■ **Task objective**
Your answer should give again, exactly, the lines from the beginning of the entries below through the line containing "Fabrics: Jacquard woven". It must contain no pictures.

Dataset entries
------------------------------------------------

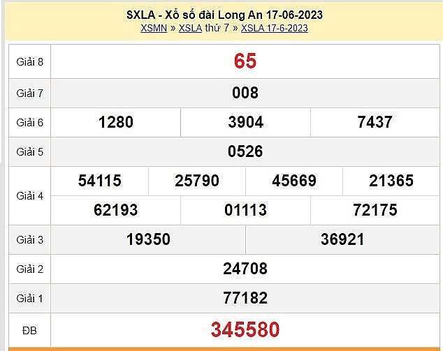 Báo Công Thương cập nhật nhanh chóng, chính xác nhất Kết quả Xổ số Long An hôm nay 1/7/2023; KQSXLA thứ bảy ngày 1/7/2023 - XSLA 1/7, xổ số Long An ngày 1 tháng 7 được quay trả thưởng tại Long An vào lúc 16 giờ 15 phút ngày 1/7/2023
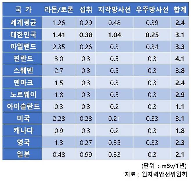 이런 자연 방사능을 평균적으로 계산해보면, 한국인의 경우 1년에 3.1mSv의 방사선을 받는다고 합니다.
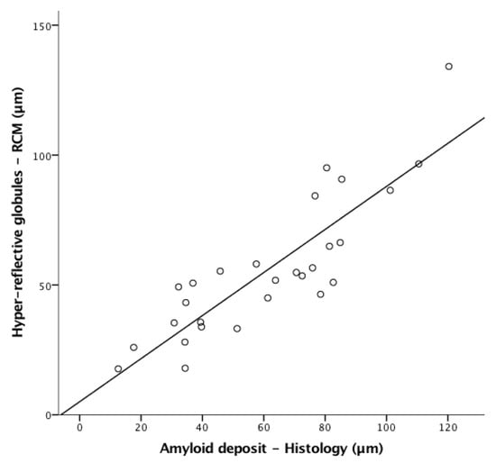 A strong correlation was also found between hyper-reflective globule mean size as measured by in vivo RCM and amyloid deposit mean size on histology (Pearson correlation r = 0.862, p < 0.001; Figure 4).
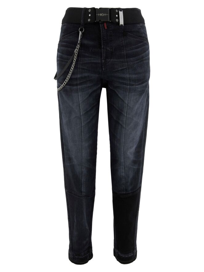 Washed jeans from High in black. At the waist is an elasticated belt with a square nickel-coloured buckle. From the right belt loop is a chain that runs to the back. These jeans may be washed at 30 degrees.
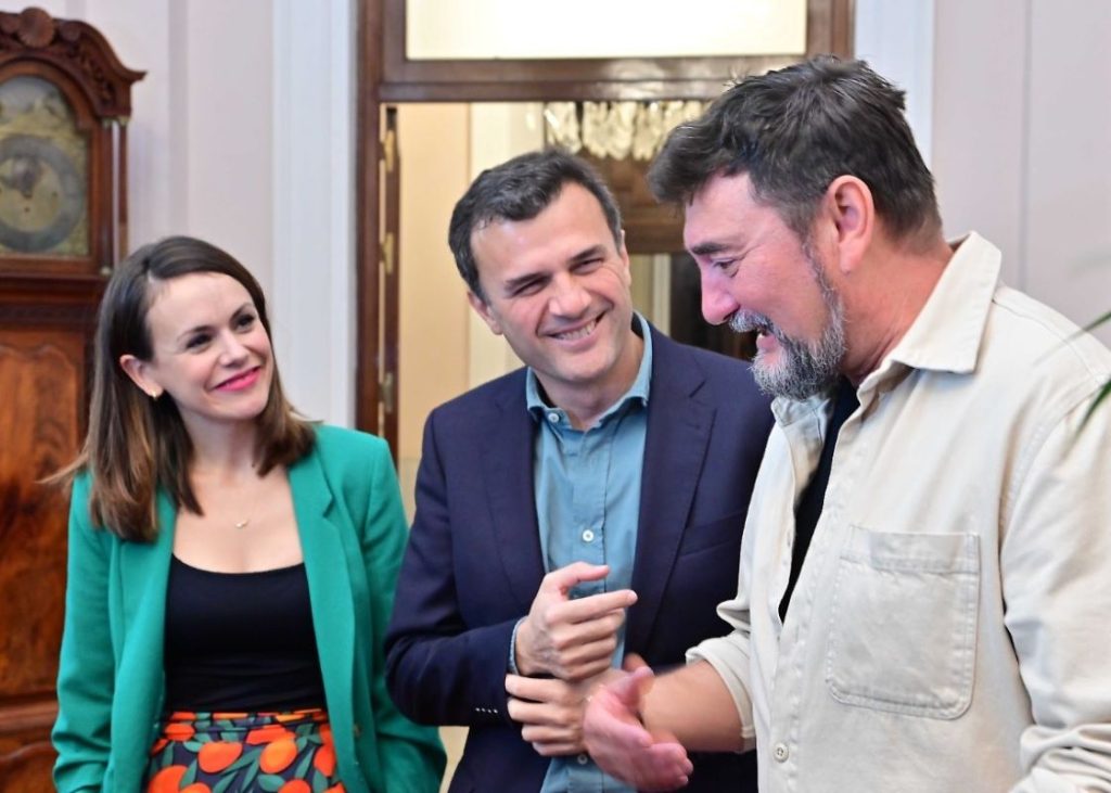 El alcalde de Cádiz, Bruno García, acompañado por la concejala de Fiestas y Carnaval del Ayuntamiento de Cádiz, Beatriz Gandullo, ha recibido oficialmente al pregonero del Carnaval de Cádiz 2024, Juan Manuel Braza Benítez ‘El Sheriff’. El regidor ha mantenido el primer encuentro con el chirigotero para intercambiar las primeras impresiones sobre un pregón cuyos preparativos han comenzado hoy mismo, con una reunión técnica con los responsables de la Delegación Municipal de Fiestas del Ayuntamiento de Cádiz.
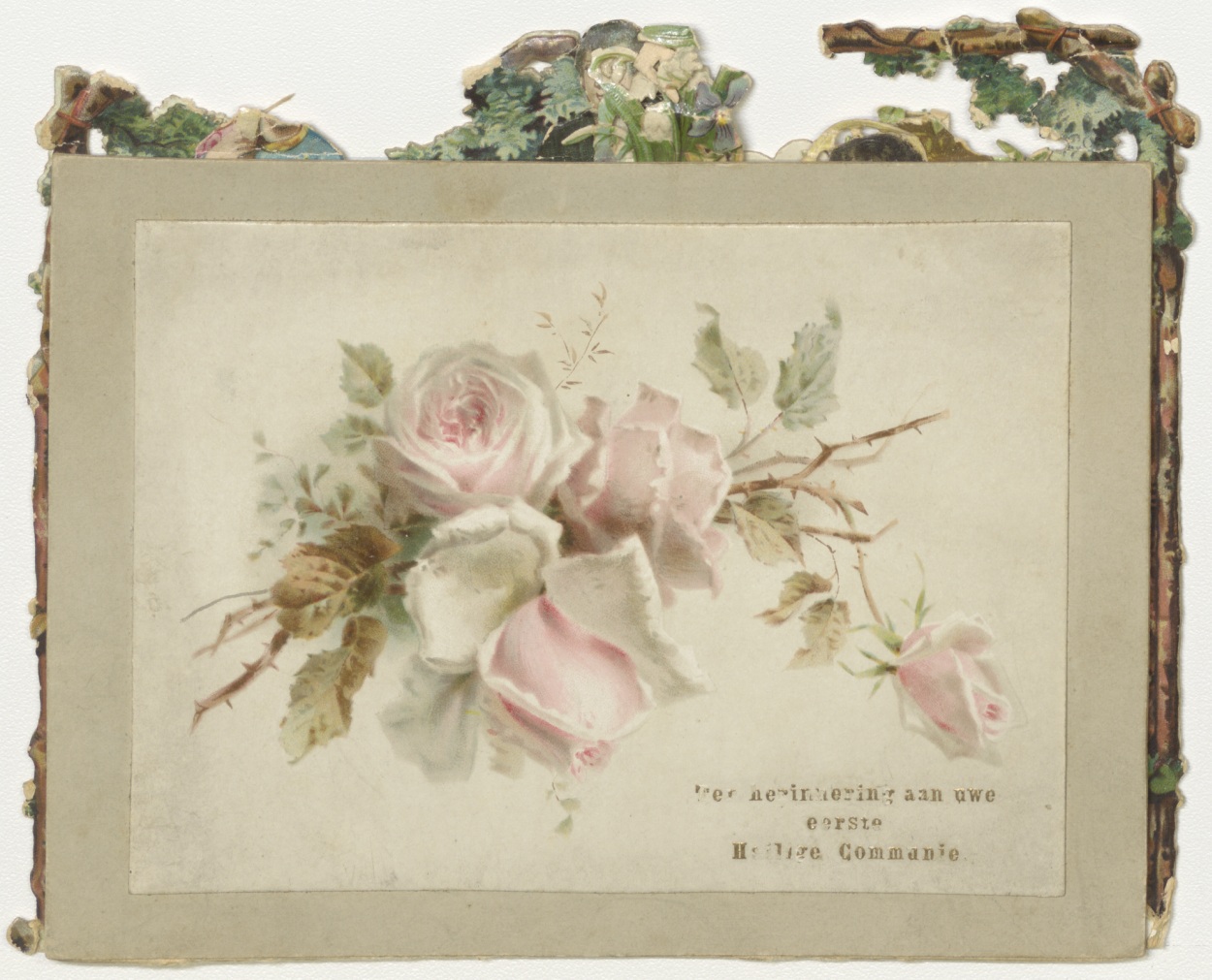 Communieprent met communicant in zwart pak temidden van vier engelen
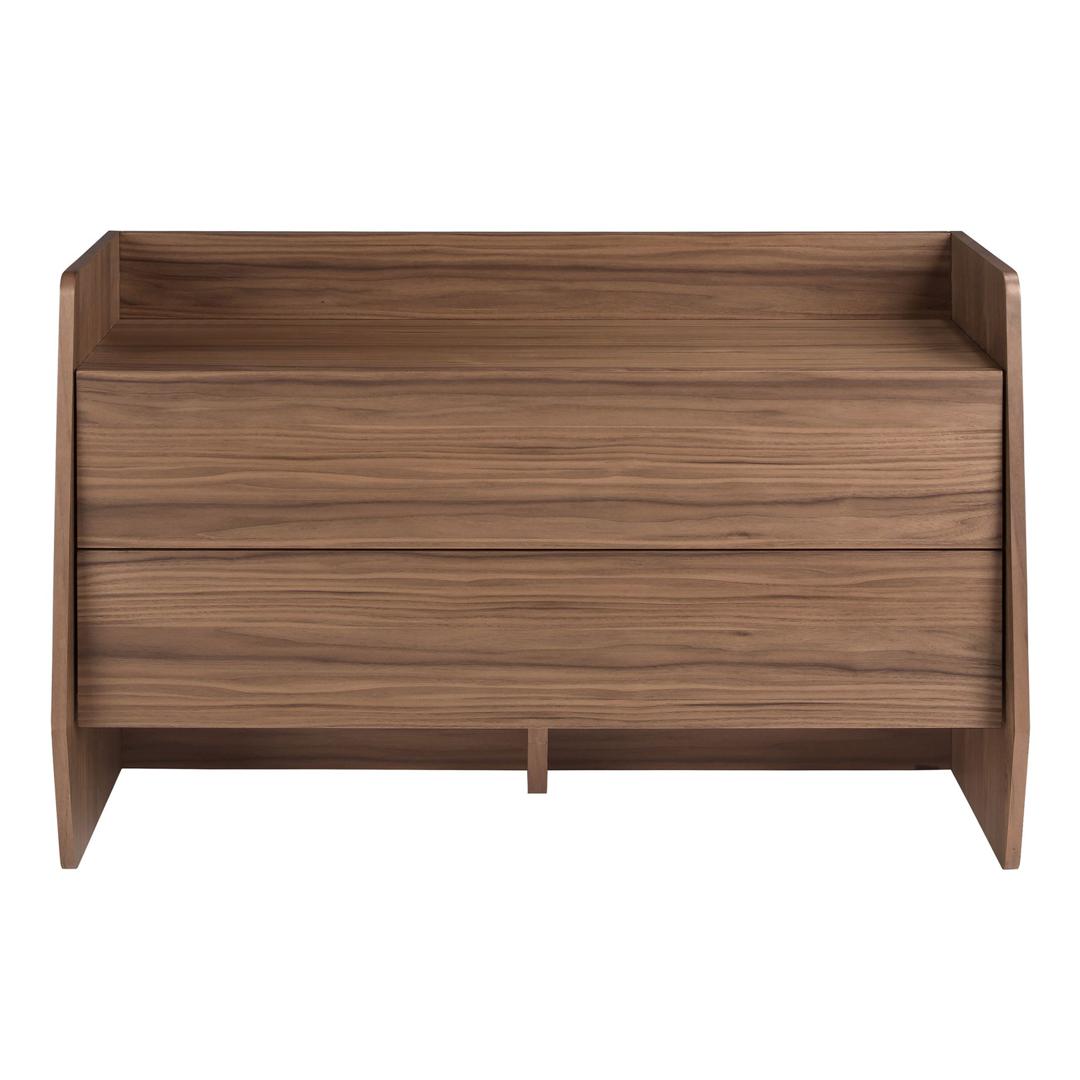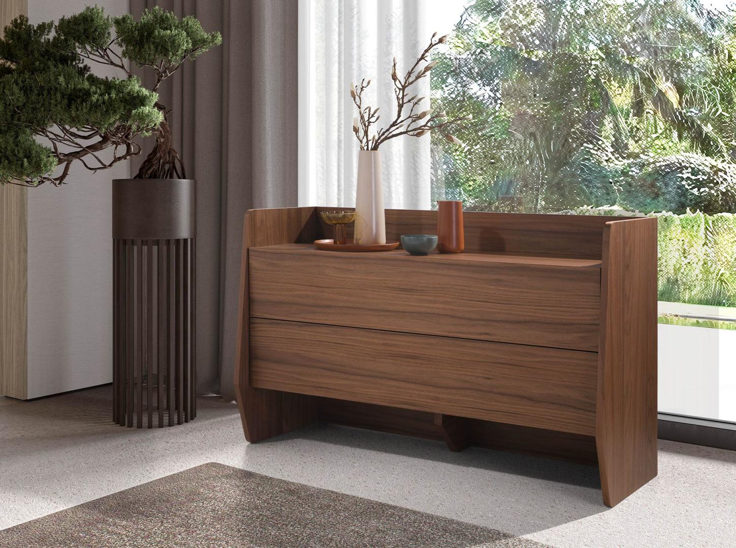 Комод с современным дизайном, с деревянной конструкцией, облицованной натуральным шпоном ореха, и оригинальными ножками из натурального шпона ореха. Имеет большое пространство для хранения с 2 ящиками с системой открывания ногтем и системой плавного закрывания.
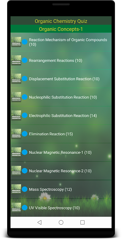 Le app Quiz di chimica organica sono un concetto innovativo di Sana Edutech che fornisce materiali didattici su app Android in un'interfaccia utente veloce e piacevole.
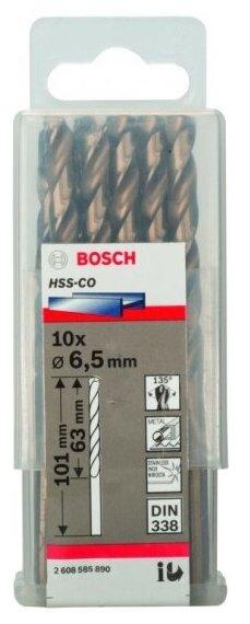 Equipment: set, dimensions: 6.5x63x101 mm, shank type: cylindrical, quantity in the set package: 10 pcs., drill material: HSS Co, sharpening angle: 135 degrees, for metal
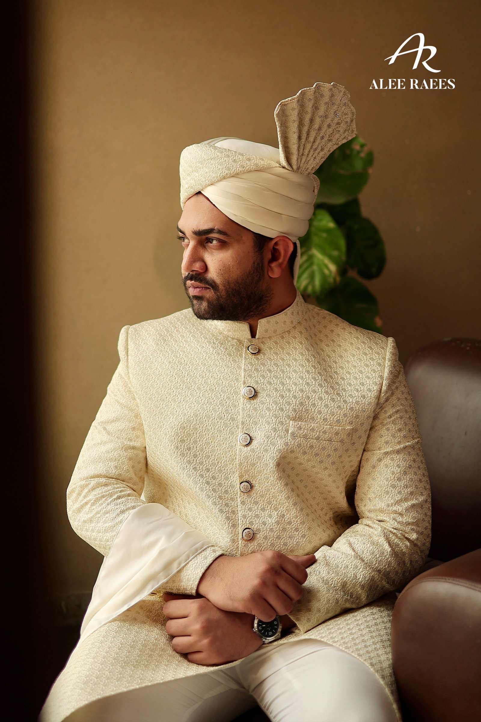 Fabrics: Jacquard woven sherwani, satin dupatta, matching turban fabric, stretch-back churidar shalwar
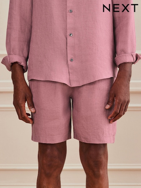 Blue Regular Fit Signature Twill Texture 100% Linen Short Sleeve Shirt
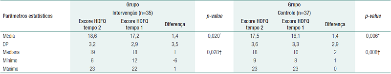 Na tabela 2, são apresentadas as comparações entre o nível de conhecimento sobre fatores de risco para doenças cardiovasculares dos participantes segundo grupo de alocação, antes (tempo 1) e após (tempo 2) a intervenção. Observa-se que, em ambos os grupos, houve um aumento estatisticamente significativo (p<0,05) de 1,4 ponto na média do escore de HDFQ no tempo 2. Resultado semelhante foi verificado para a mediana, que aumentou significativamente tanto no grupo intervenção (p=0,028) quanto no grupo controle (p=0,008).
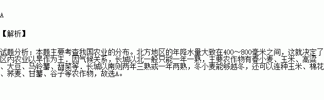 上图中A所在地区主要农作物及其熟制的说法,正确的是
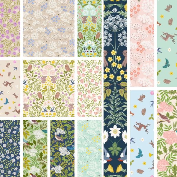 Clearbury Down Full Collection: Fat Quarter Pack (15pcs) by Lewis and Irene, is a beautiful collection of fabrics, featuring woodland animals, owls, rabbits, birds, deer, bees and pretty floral patterns.
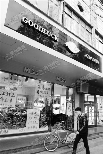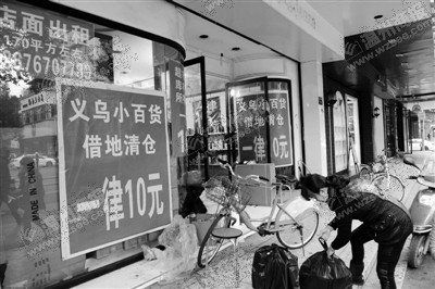 “50元一件棉服,见钱就卖”,“60元一双好鞋,工厂清仓”,“义乌小百货,一律10元”……伴随着或轻或重的摇滚舞曲,一段不到百米的街上,就挤进了10来家打着减价清仓甩卖口号的特卖店,在招徕着路过的市民。
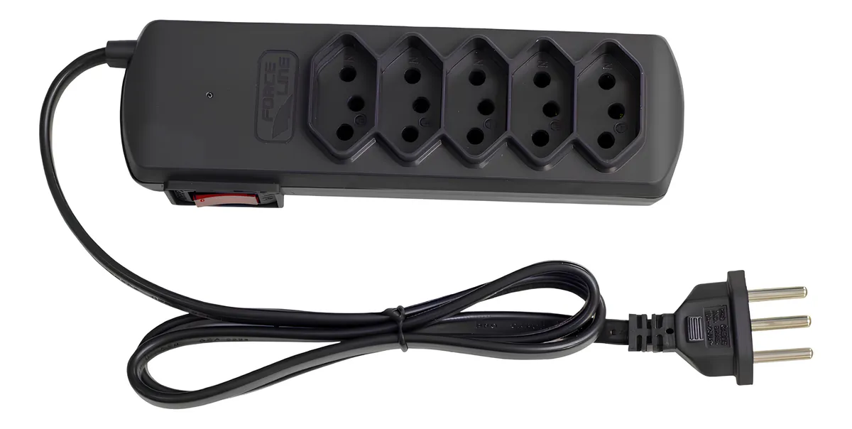 | **Tripolar** | Indica que o plugue principal e as 5 tomadas internas seguem o **Padrão Brasileiro de Plugues e Tomadas (NBR 14136)**, ou seja, são de **três pinos** (Fase/Neutro, e o pino central de **ATERRAMENTO**). | O pino terra é crucial para direcionar surtos de energia para o solo, garantindo a proteção dos aparelhos. |
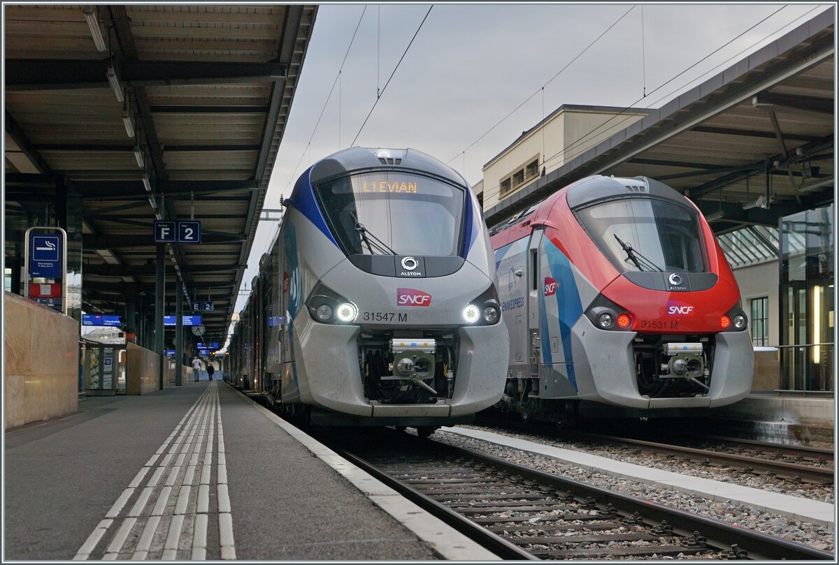 In Annemasse warten der SNCF Coradia Polyvalent régional tricourant Z 31535 nach Coppet und der Z 31 539 nach Evian als Léman Express Züge auf die Abfahrt.
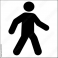 Simple black pictogram representing a pedestrian figure walking with a distinctive style
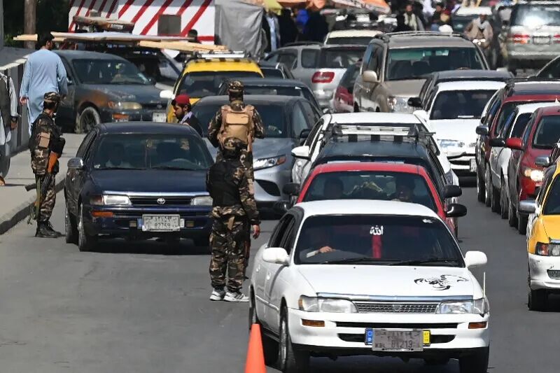 9月4日,塔利班人员在阿富汗喀布尔检查往返车辆。新华社/法新
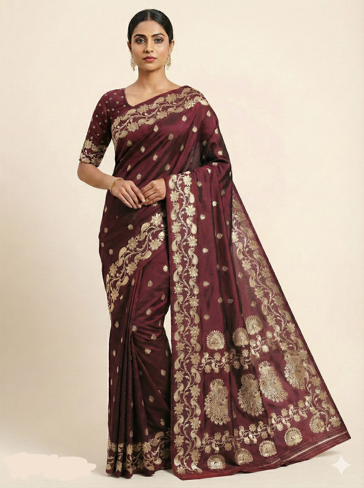 all-over self weaving with zari motifs.  with a contrasted rich pallu and an  unique border adorned with heavy zari weaving,
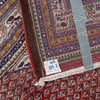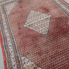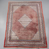 Mått ca 330 x 212 cm. Geometriskt mönster mot röd bakgrund Huvudbård med stiliserad dekor mot ljus botten.
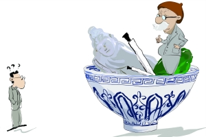 “国宝帮”的猖獗归根结底是很多收藏者一夜暴富的不端正心态所致。如今文玩市场上赝品数量巨大,抱着捡漏的心态容易上当受骗。刘嘉表示,多年以来,广大的爱好者收藏古玩都是习惯对照博物馆藏品的样子收藏,瓷器、玉器以及各种古玩,并且喜欢听信一些名头很大的专业人士的建议,认为在专业人士指导下对照馆藏品的样子购买,不是精品也是真品,这是一种错误的认知观念,因为真正的古玩专家是不会为外人鉴定的。(记者 徐磊 张茜琦/文 贾丛丛/漫画)
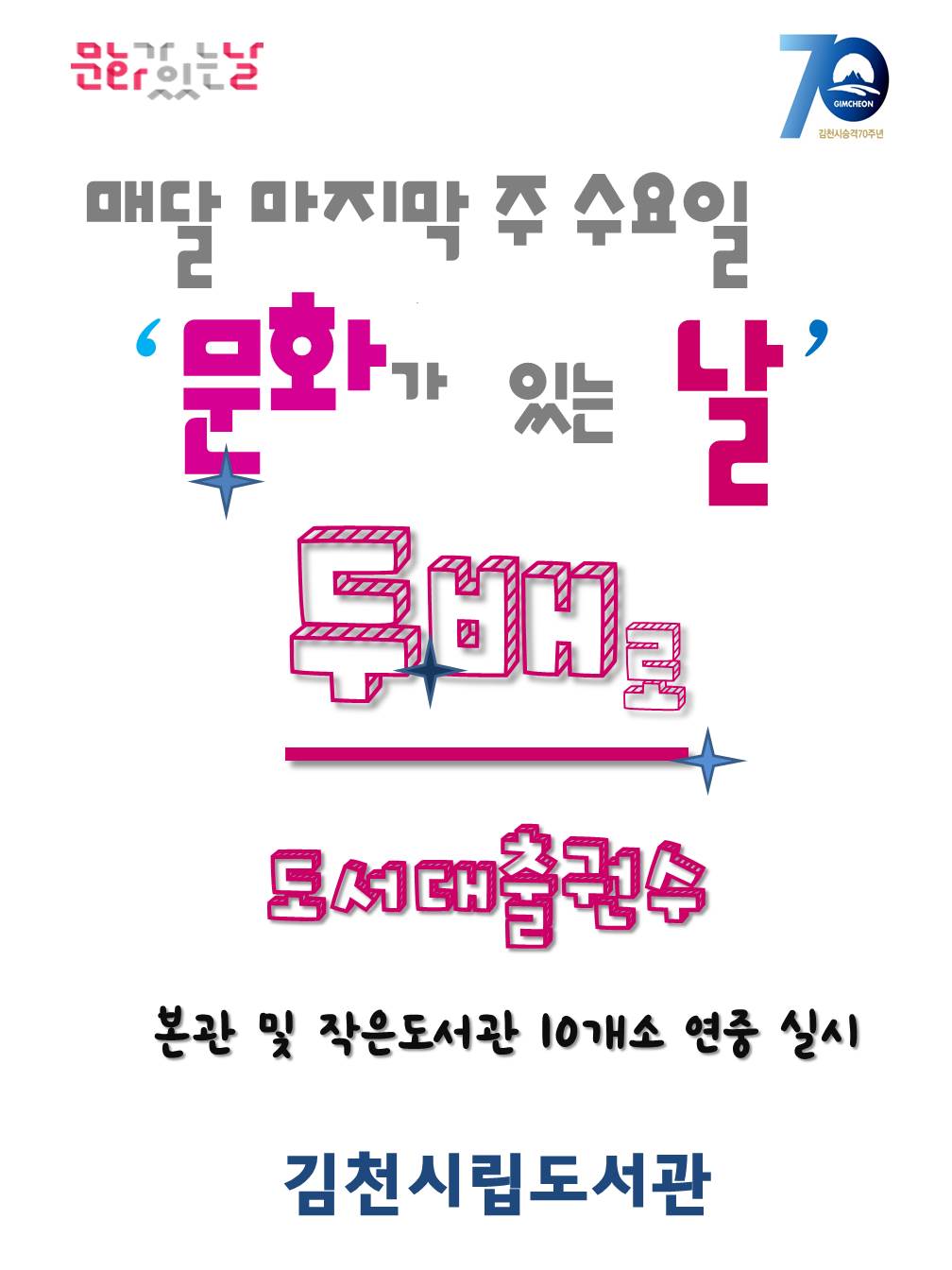 이번 이벤트는 문화체육관광부에서 추진하는‘문화가 있는 날’행사에 시립도서관이 참여하는 형식으로, 김천시민들의 풍요로운 독서활동을 위해 마련하였다. ‘도서대출 두배로’는 매월 마지막 주 수요일, 본관 오전 9시부터 오후 8시까지, 드림밸리 작은도서관 오전 10시부터, 그 외 작은도서관 9개소는 오후 1시부터 6시까지 이용가능하다.

------------------------------------------------

■ **Problem solution**
 Báo Công Thương cập nhật nhanh chóng, chính xác nhất Kết quả Xổ số Long An hôm nay 1/7/2023; KQSXLA thứ bảy ngày 1/7/2023 - XSLA 1/7, xổ số Long An ngày 1 tháng 7 được quay trả thưởng tại Long An vào lúc 16 giờ 15 phút ngày 1/7/2023
 이런 자연 방사능을 평균적으로 계산해보면, 한국인의 경우 1년에 3.1mSv의 방사선을 받는다고 합니다.
 A strong correlation was also found between hyper-reflective globule mean size as measured by in vivo RCM and amyloid deposit mean size on histology (Pearson correlation r = 0.862, p < 0.001; Figure 4).
 Washed jeans from High in black. At the waist is an elasticated belt with a square nickel-coloured buckle. From the right belt loop is a chain that runs to the back. These jeans may be washed at 30 degrees.
 El alcalde de Cádiz, Bruno García, acompañado por la concejala de Fiestas y Carnaval del Ayuntamiento de Cádiz, Beatriz Gandullo, ha recibido oficialmente al pregonero del Carnaval de Cádiz 2024, Juan Manuel Braza Benítez ‘El Sheriff’. El regidor ha mantenido el primer encuentro con el chirigotero para intercambiar las primeras impresiones sobre un pregón cuyos preparativos han comenzado hoy mismo, con una reunión técnica con los responsables de la Delegación Municipal de Fiestas del Ayuntamiento de Cádiz.
 Communieprent met communicant in zwart pak temidden van vier engelen
 Комод с современным дизайном, с деревянной конструкцией, облицованной натуральным шпоном ореха, и оригинальными ножками из натурального шпона ореха. Имеет большое пространство для хранения с 2 ящиками с системой открывания ногтем и системой плавного закрывания.
 Le app Quiz di chimica organica sono un concetto innovativo di Sana Edutech che fornisce materiali didattici su app Android in un'interfaccia utente veloce e piacevole.
 Equipment: set, dimensions: 6.5x63x101 mm, shank type: cylindrical, quantity in the set package: 10 pcs., drill material: HSS Co, sharpening angle: 135 degrees, for metal
 Fabrics: Jacquard woven sherwani, satin dupatta, matching turban fabric, stretch-back churidar shalwar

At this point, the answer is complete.